Hello everybody,
I am reading the file format paper and I check it against a created index.
The documentation says:
TermInfoIndex (.tii)--> TIVersion, IndexTermCount, IndexInterval,
SkipInterval, MaxSkipLevels, TermIndices
If I look into the .tii-file I see the following:
TIVersion = FF FF FF FC (4 Bytes)
IndexTermCount = 00 00 00 00 00 00 00 0C = 10 (8 Bytes)
IndexInterval = 00 00 00 80 = 128 (4 Bytes)
SkipInterval = 00 00 00 10 = 16 (4 Bytes)
MaxSkipLevels = 00 00 00 0A = 10 (4 Bytes)
TermIndices = ????? (? Bytes)
I looked in two indexes and for both the following byte sequences are equal
(marked bold):
*00 00 FF FF FF FF 0F 00 00 00 18 00* (0B 61 or 0D30 .....)
Maybe I don't understand the Map with *<TermInfo, IndexDelta>^IndexTermCount
*. How should I calculate the correct byte length?

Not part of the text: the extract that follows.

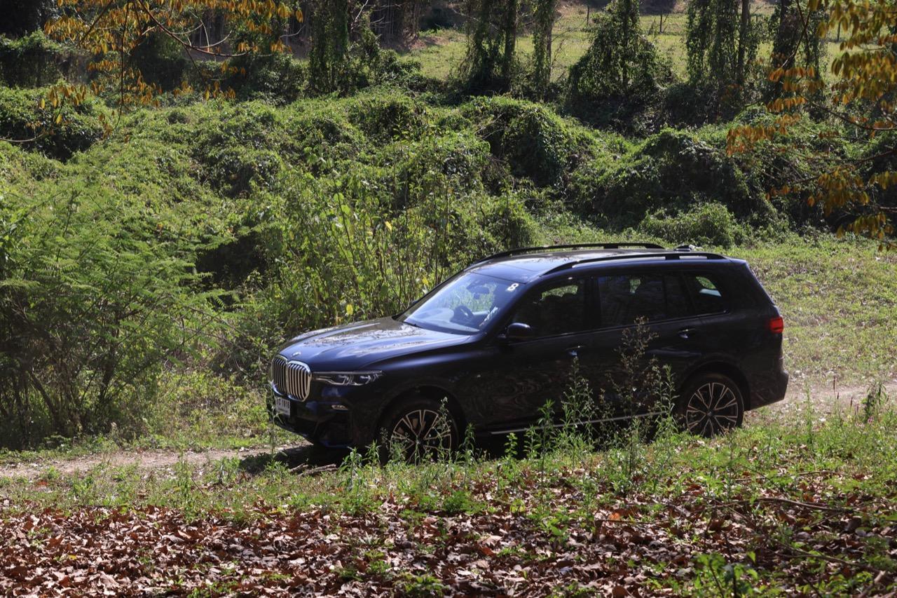 ย่านความเร็วสูงนอกเมืองและบนถนนในชนบทที่คดเคี้ยวเส้นทางจากเชียงรายขึ้นไปบนดอยช้าง ระยะทางสั้นๆ แค่ไม่ถึง 70 กิโลเมตร แต่มีโค้งขึ้นลงเขาที่สูงชันและพับไปพับมาแทบจะตลอดเส้นทาง X7 เป็นหนึ่งใน SUV ที่ถูกจัดระเบียบให้วิ่งได้เนียนที่สุดเมื่อเทียบกับรถเอสยูวียักษ์ในระดับเดียวกัน แม้จะมีขนาดใหญ่ แต่ Sport Mode ให้การตอบสนองราวกับแฮตช์แบ็กพลังสูง Adaptive เป็นโหมดที่ครอบคลุมการใช้งาน ให้ความสบายโดยซอฟต์แวร์จะปรับแต่งเครื่องยนต์ เกียร์ และช่วงล่าง รวมถึงน้ำหนักของพวงมาลัยให้อยู่ในค่ากลางๆ ที่เหมาะกับเส้นทางภูเขา แต่ผมกลับให้ความสนใจไปที่การปลดปล่อยพลังงานในรูปของแรงบิด 700 นิวตันเมตร มากกว่าความนวลเนียนของ Adaptive Mode ระบบกันสะเทือนแบบถุงลมให้ความรู้สึกแข็งกว่า GLS350d เล็กน้อยตามสไตล์ของ BMW ขับสบายเมื่อต้องลุยทางวิบาก หรือต้องไหลขึ้นลงผิวทางที่ไม่เรียบ ความเงียบของรถกับความนุ่มนวลบนทางลาดยาง คล้ายการล่องเรือบนไฮเวย์ เสียงลมและเสียงรบกวนจากยางที่บดลงไปบนถนนในย่านความเร็วต่ำแทบไม่มีเลย การเพิ่ม Driving Assistant Professional ของ BMW จะทำให้ระบบเร่งความเร็ว เบรก และบังคับให้รถอยู่ในเลนถือเป็นการขับที่ผ่อนคลายมากจนเกินไป ความสบายของระบบช่วยขับทำให้นักขับหลายคนติดใจ แต่ขอควบคุมรถเองในโหมดสูงสุดแล้วปล่อยให้รถสำแดงประสิทธิภาพที่แท้จริงออกมาในระหว่างการขับทดสอบสั้นๆ ดูจะดีกว่าไปยึดติดกับความสบายที่พยายามมอบให้คุณอยู่ตลอดเวลา

I assume the IndexDelta with VLong has 8 bytes if the leading bit is 0
(Similar vo VInt or is VLong somewhere described?). TermInfo is explained in
the .tis file section.
TermIndices = <TermInfo, IndexDelta>
= <(Term,DocFreq,FreqDelta,ProxDelta,SkipDelta), IndexDelta>
= <([PrefixLength,Suffix,FieldNum],DocFreq,FreqDelta,ProxDelta,SkipDelta),
IndexDelta>
= <([ 00 , 00 , FF ], FF , FF
, FF , 0F ), 00 00 00 18 00 0B 61 6E>
IndexDelta is to large for my small index! Also DocFreq is to large because
I only have 16 documents in total. :(
Can somebody tell me how to read the bytes correctly from the file? I would
like to find the correct position in the .tis file from .tii data.
Best regards
Alex